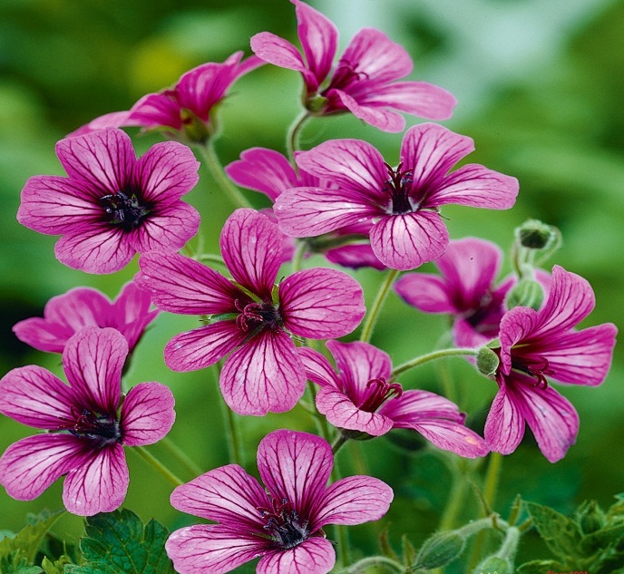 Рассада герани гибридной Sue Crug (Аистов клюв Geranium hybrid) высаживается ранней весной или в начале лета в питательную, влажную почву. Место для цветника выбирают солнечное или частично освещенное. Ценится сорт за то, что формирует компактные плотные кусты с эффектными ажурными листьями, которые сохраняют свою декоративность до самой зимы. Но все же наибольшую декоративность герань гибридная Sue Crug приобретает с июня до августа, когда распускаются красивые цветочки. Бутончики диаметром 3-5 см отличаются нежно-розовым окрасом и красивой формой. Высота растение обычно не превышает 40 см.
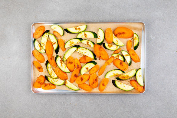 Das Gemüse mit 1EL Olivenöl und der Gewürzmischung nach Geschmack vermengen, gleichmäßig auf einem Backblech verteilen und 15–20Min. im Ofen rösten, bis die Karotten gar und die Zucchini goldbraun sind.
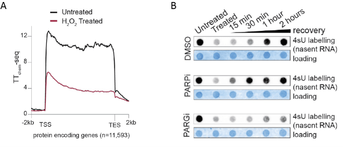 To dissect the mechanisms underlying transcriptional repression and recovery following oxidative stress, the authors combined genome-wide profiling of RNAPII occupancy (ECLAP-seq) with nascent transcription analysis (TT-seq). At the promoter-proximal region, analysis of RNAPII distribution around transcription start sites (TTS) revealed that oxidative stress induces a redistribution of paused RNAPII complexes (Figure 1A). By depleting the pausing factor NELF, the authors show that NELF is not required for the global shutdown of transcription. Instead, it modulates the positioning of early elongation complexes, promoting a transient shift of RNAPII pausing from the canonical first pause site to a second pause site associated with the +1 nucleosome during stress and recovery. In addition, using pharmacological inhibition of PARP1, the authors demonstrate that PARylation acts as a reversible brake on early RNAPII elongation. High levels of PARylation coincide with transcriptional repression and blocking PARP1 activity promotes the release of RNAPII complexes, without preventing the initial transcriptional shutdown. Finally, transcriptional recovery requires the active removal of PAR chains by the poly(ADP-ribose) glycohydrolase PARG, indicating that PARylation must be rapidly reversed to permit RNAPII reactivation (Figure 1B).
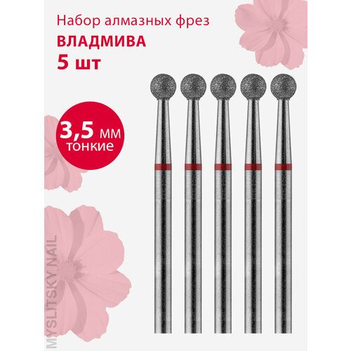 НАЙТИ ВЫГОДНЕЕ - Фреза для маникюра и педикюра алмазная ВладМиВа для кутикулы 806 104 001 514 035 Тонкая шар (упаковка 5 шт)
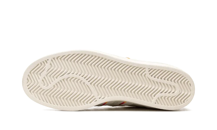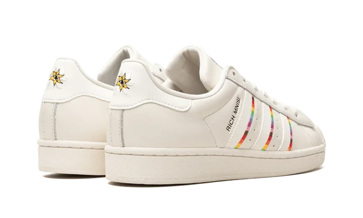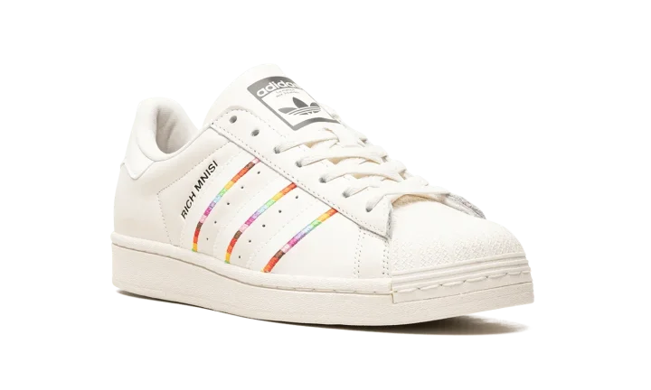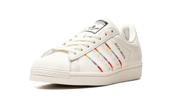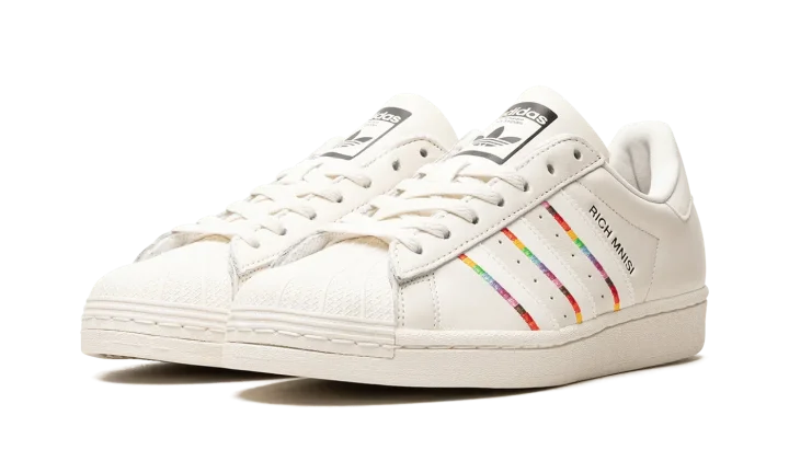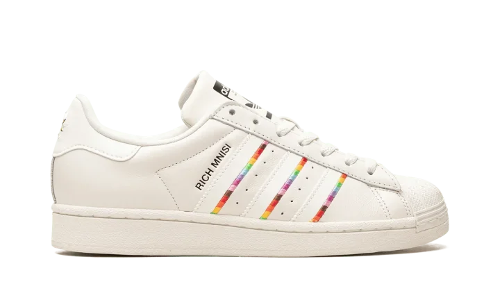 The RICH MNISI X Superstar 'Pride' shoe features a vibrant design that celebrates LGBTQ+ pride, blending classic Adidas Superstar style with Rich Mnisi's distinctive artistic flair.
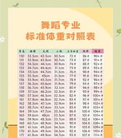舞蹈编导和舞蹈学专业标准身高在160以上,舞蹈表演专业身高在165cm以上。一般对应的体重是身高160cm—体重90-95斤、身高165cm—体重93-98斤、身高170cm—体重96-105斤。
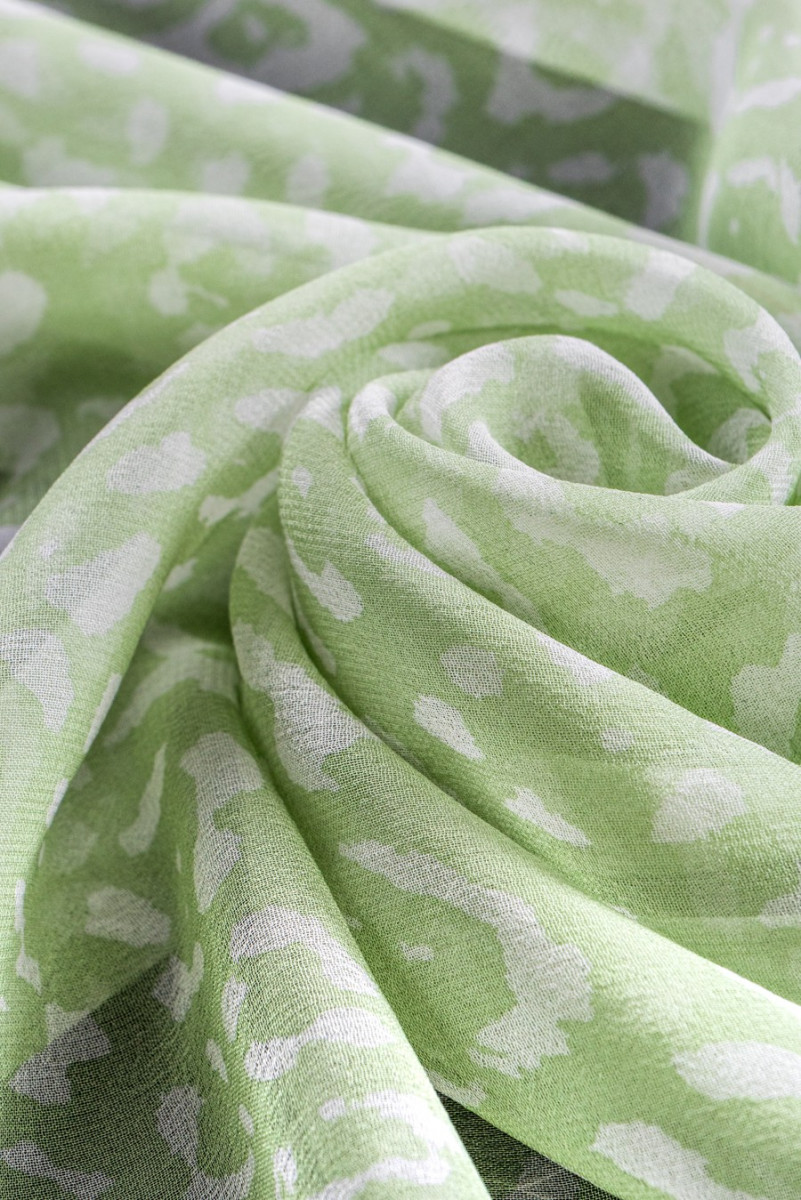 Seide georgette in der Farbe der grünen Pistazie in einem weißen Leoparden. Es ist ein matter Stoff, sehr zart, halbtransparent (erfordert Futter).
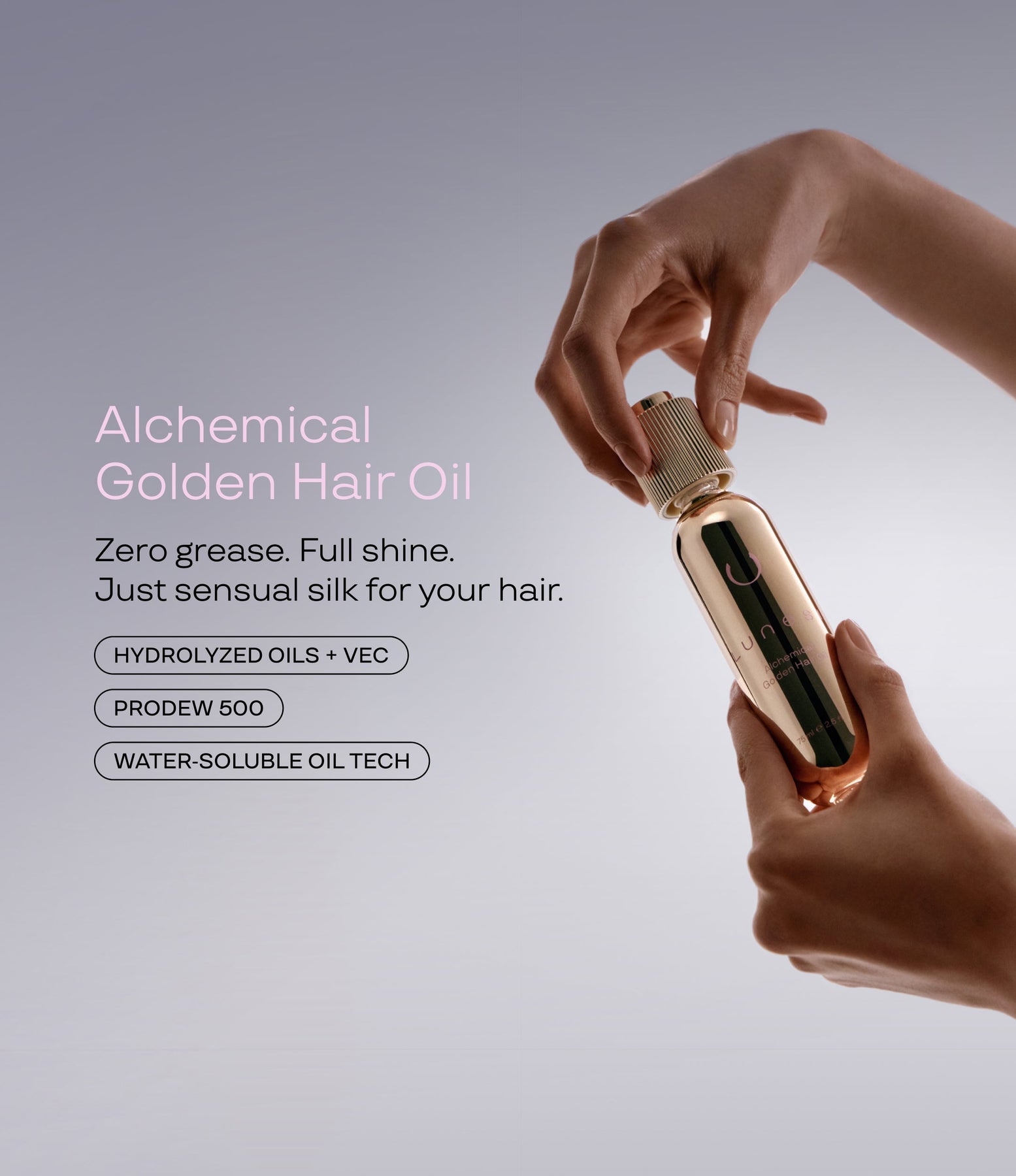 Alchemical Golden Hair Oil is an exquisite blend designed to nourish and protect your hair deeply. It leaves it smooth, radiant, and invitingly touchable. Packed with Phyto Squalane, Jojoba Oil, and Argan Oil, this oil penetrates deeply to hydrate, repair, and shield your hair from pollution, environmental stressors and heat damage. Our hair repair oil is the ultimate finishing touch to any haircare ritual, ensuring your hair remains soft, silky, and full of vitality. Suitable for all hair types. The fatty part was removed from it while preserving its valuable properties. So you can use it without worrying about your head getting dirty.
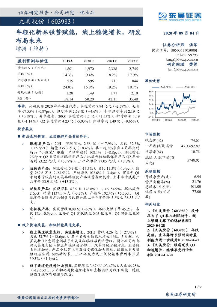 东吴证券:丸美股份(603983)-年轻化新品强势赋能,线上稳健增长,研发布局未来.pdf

-------

> **What you have to do**
All of the data gets printed again exactly; the pictures do not.

> **Reply**
 Рассада герани гибридной Sue Crug (Аистов клюв Geranium hybrid) высаживается ранней весной или в начале лета в питательную, влажную почву. Место для цветника выбирают солнечное или частично освещенное. Ценится сорт за то, что формирует компактные плотные кусты с эффектными ажурными листьями, которые сохраняют свою декоративность до самой зимы. Но все же наибольшую декоративность герань гибридная Sue Crug приобретает с июня до августа, когда распускаются красивые цветочки. Бутончики диаметром 3-5 см отличаются нежно-розовым окрасом и красивой формой. Высота растение обычно не превышает 40 см.
 Das Gemüse mit 1EL Olivenöl und der Gewürzmischung nach Geschmack vermengen, gleichmäßig auf einem Backblech verteilen und 15–20Min. im Ofen rösten, bis die Karotten gar und die Zucchini goldbraun sind.
 To dissect the mechanisms underlying transcriptional repression and recovery following oxidative stress, the authors combined genome-wide profiling of RNAPII occupancy (ECLAP-seq) with nascent transcription analysis (TT-seq). At the promoter-proximal region, analysis of RNAPII distribution around transcription start sites (TTS) revealed that oxidative stress induces a redistribution of paused RNAPII complexes (Figure 1A). By depleting the pausing factor NELF, the authors show that NELF is not required for the global shutdown of transcription. Instead, it modulates the positioning of early elongation complexes, promoting a transient shift of RNAPII pausing from the canonical first pause site to a second pause site associated with the +1 nucleosome during stress and recovery. In addition, using pharmacological inhibition of PARP1, the authors demonstrate that PARylation acts as a reversible brake on early RNAPII elongation. High levels of PARylation coincide with transcriptional repression and blocking PARP1 activity promotes the release of RNAPII complexes, without preventing the initial transcriptional shutdown. Finally, transcriptional recovery requires the active removal of PAR chains by the poly(ADP-ribose) glycohydrolase PARG, indicating that PARylation must be rapidly reversed to permit RNAPII reactivation (Figure 1B).
 НАЙТИ ВЫГОДНЕЕ - Фреза для маникюра и педикюра алмазная ВладМиВа для кутикулы 806 104 001 514 035 Тонкая шар (упаковка 5 шт)
 The RICH MNISI X Superstar 'Pride' shoe features a vibrant design that celebrates LGBTQ+ pride, blending classic Adidas Superstar style with Rich Mnisi's distinctive artistic flair.
舞蹈编导和舞蹈学专业标准身高在160以上,舞蹈表演专业身高在165cm以上。一般对应的体重是身高160cm—体重90-95斤、身高165cm—体重93-98斤、身高170cm—体重96-105斤。
 Seide georgette in der Farbe der grünen Pistazie in einem weißen Leoparden. Es ist ein matter Stoff, sehr zart, halbtransparent (erfordert Futter).
 Alchemical Golden Hair Oil is an exquisite blend designed to nourish and protect your hair deeply. It leaves it smooth, radiant, and invitingly touchable. Packed with Phyto Squalane, Jojoba Oil, and Argan Oil, this oil penetrates deeply to hydrate, repair, and shield your hair from pollution, environmental stressors and heat damage. Our hair repair oil is the ultimate finishing touch to any haircare ritual, ensuring your hair remains soft, silky, and full of vitality. Suitable for all hair types. The fatty part was removed from it while preserving its valuable properties. So you can use it without worrying about your head getting dirty.
 东吴证券:丸美股份(603983)-年轻化新品强势赋能,线上稳健增长,研发布局未来.pdf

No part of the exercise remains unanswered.